Referring to the decentralized trading platform, Uniswap, a DEX that trades spot goods, provides liquidity for many long-tail assets through permission-free listing. However, few decentralized perpetual contracts can achieve the permission-free listing function (CoinFLEX, Mycelium platforms have been implemented), the reason is that perpetual contract transactions are more complex than spot transactions, and have higher requirements for matching transaction mechanisms, on-chain response speed, on-chain liquidation, etc. At the same time, the threshold for creating a perpetual contract pool is high. For example, if you want to deploy a Token perpetual contract pool in the decentralized perpetual contract protocol TracerDAO (now Mycelium), you need to configure many parameters: leverage function, update interval, coinage/ Burn fees, etc.

For the NFT market, the demand for perpetual contracts for long-tail NFT assets is still there, but products that can realize functions such as lending and derivatives trading for non-blue-chip NFT projects have not yet appeared. This is due to multiple reasons.

Take nftperp as an example. Its "real floor price" has very high requirements for data quality and calculation methods. There is a large amount of unreliable data in the NFT market (such as wash transactions), which means that it is currently only applicable to blue-chip NFTs with high liquidity. series. Taking BendDAO as an example, even the top blue-chip BAYC will have its floor price manipulated by large investors for "liquidation arbitrage", let alone long-tail NFT assets with smaller market value?

In the final analysis, upstream problems such as poor liquidity of NFT and difficulty in valuation and pricing of NFT have not been well solved, which restricts the development of downstream NFTFi products and fails to unleash the potential of NFT long-tail assets.

Conclusion

Focusing on DeFi, NFT, and even the entire crypto space, constant financial innovation is pushing the market to higher levels. The improvement of composability between products in different segments will further stimulate market innovation. NFT-specific derivatives will provide the market with more trading strategies, and the nascent NFT market will gain more depth, just like options and futures. Contracts play an important role in mature financial markets.
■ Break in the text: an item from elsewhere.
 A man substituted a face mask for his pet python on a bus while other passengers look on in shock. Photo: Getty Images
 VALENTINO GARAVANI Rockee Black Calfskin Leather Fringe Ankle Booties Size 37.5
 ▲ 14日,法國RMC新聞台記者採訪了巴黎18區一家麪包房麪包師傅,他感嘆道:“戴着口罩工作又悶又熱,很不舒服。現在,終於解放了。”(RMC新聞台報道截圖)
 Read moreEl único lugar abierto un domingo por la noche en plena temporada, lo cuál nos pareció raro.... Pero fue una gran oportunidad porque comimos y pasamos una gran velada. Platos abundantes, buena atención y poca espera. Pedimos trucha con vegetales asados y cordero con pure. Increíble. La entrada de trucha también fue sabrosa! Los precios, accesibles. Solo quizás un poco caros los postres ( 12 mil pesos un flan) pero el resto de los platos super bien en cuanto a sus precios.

As the NFT infrastructure becomes more and more complete, I believe that the upper-level NFT financialization process will continue to accelerate. NFT will be more than a small picture. It will become an important part of the encryption field and even the financial world together with NFTFi.
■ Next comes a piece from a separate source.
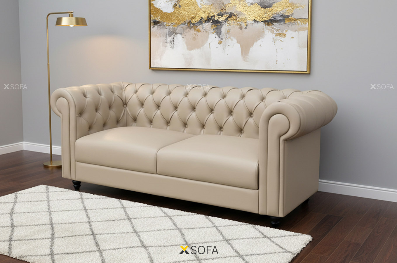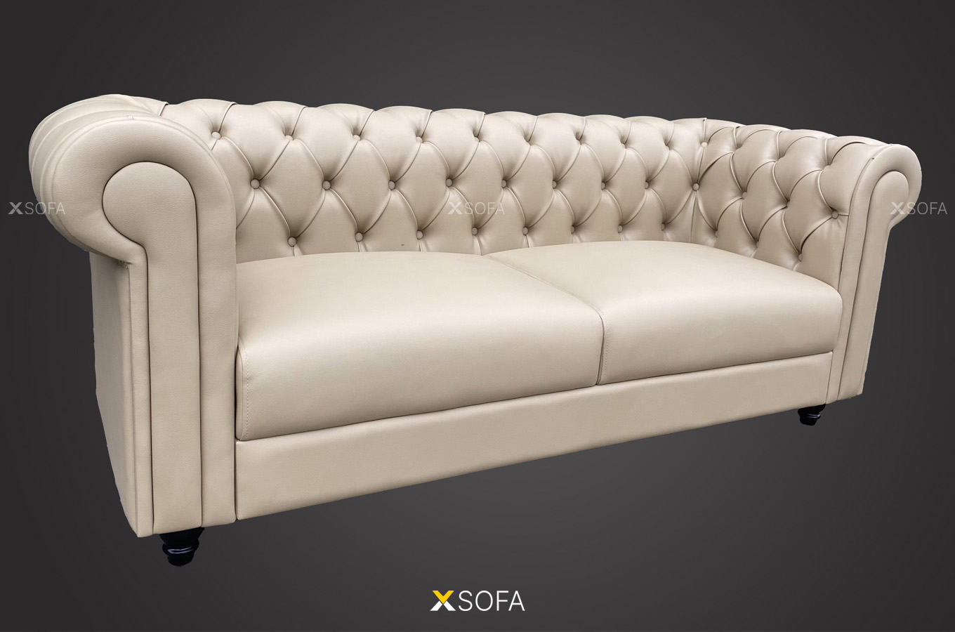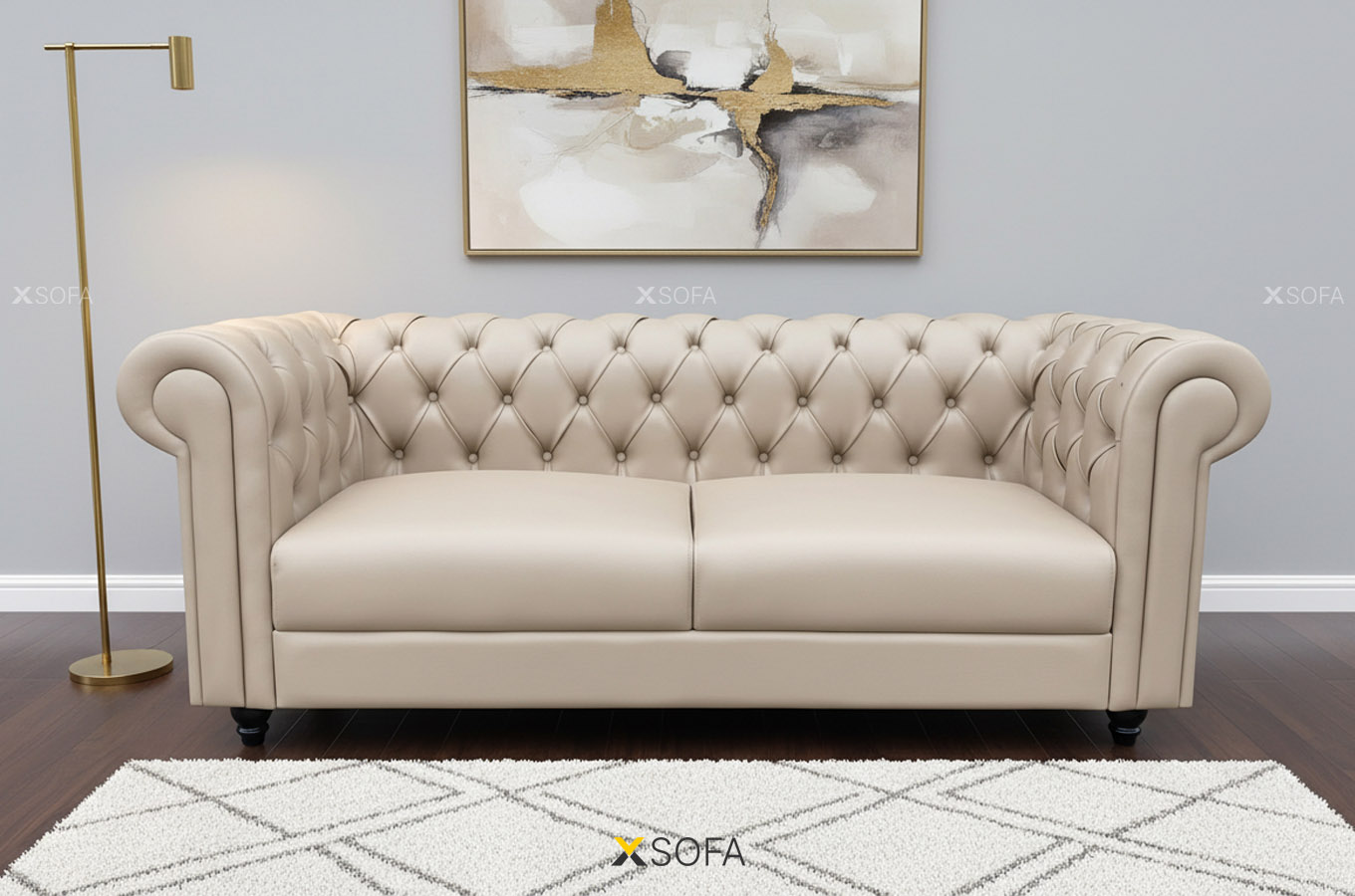 Mẫu sofa tân cổ điển bọc da cao cấp mang phong cách Chesterfield là lựa chọn lý tưởng cho những không gian đề cao sự tinh tế và sang trọng. Sản phẩm nổi bật với thiết kế nút rút thủ công tinh xảo, tay vịn bo tròn mềm mại, tạo điểm nhấn cổ điển nhưng vẫn hài hòa với nội thất hiện đại. Gam màu kem/be trang nhã giúp sofa dễ dàng phối hợp với nhiều phong cách trang trí, từ chung cư cao cấp đến biệt thự, showroom.
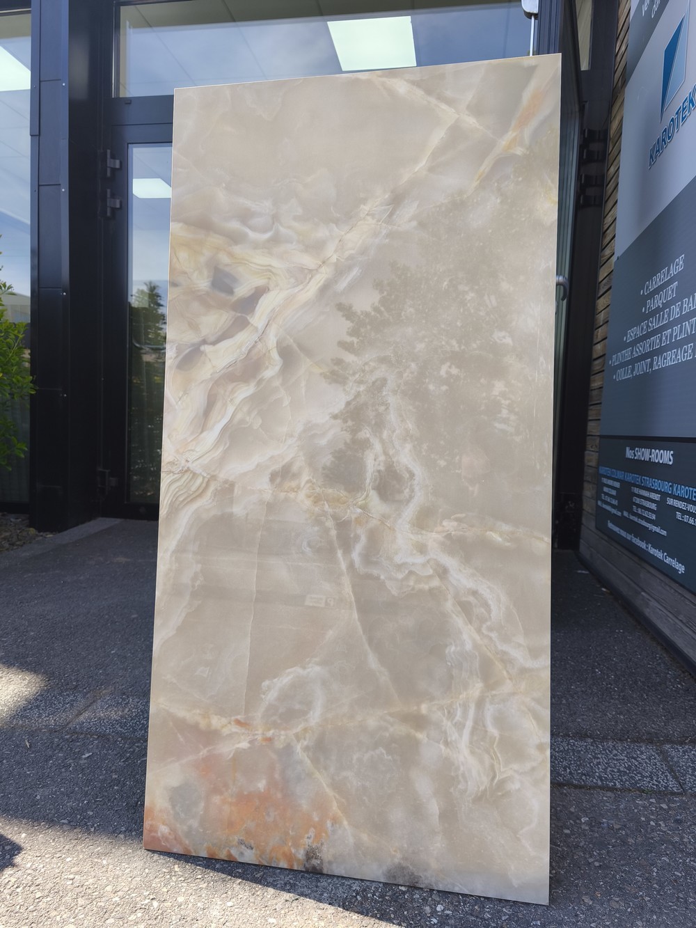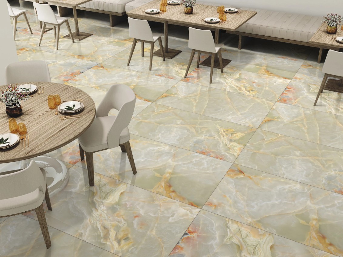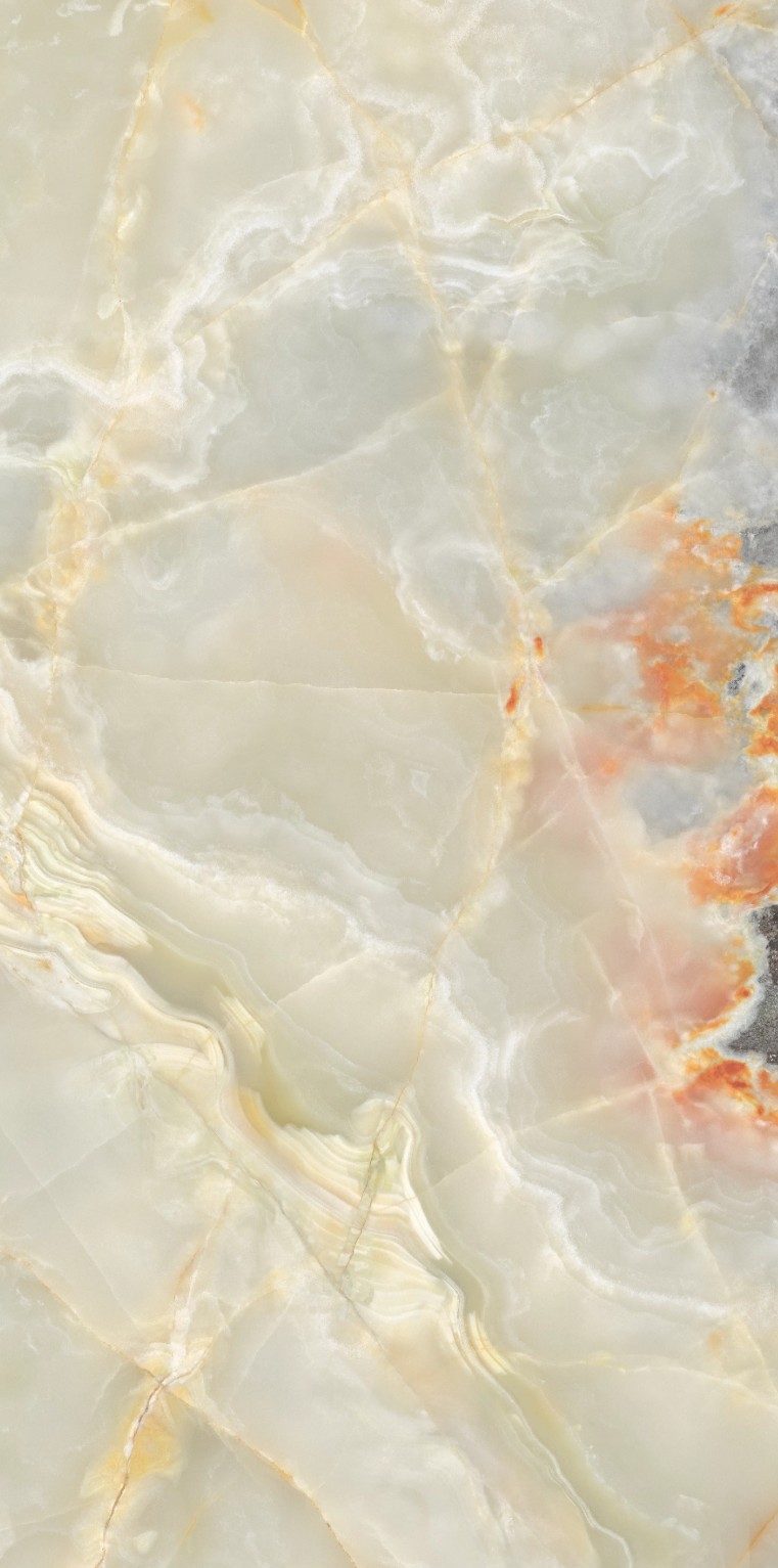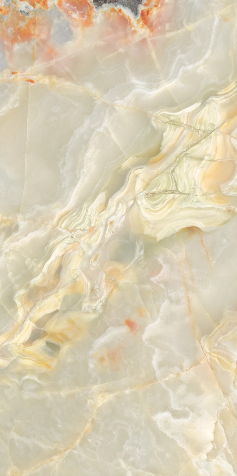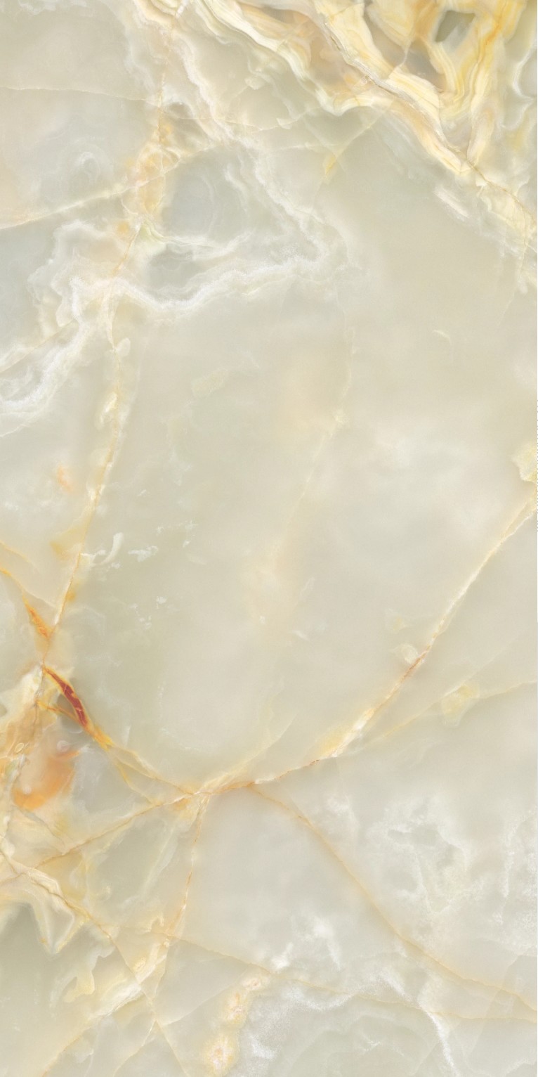 Apportez élégance et raffinement à vos espaces avec ce carrelage grand format 60×120 cm à la finition brillante. Inspiré de la pierre d’onyx naturelle, il se distingue par ses nuances délicates de vert jade, de beige crème et de légers voilages orangés, sublimés par de fines veines aux reflets dorés.

(The above content is excerpted and reprinted with the authorization of partner MarsBit, original text link | Source: Rhythm BlockBeats)

Statement: The article only represents the author's personal views and opinions, and does not represent the objective views and positions of the blockchain. All contents and opinions are for reference only and do not constitute investment advice. Investors should make their own decisions and transactions, and the author and Blockchain Client will not be held responsible for any direct or indirect losses caused by investors' transactions.

This article Can you increase leverage to short NFT? Taking stock of the NFT perpetual contract track from nftperp first appeared on Blockchain.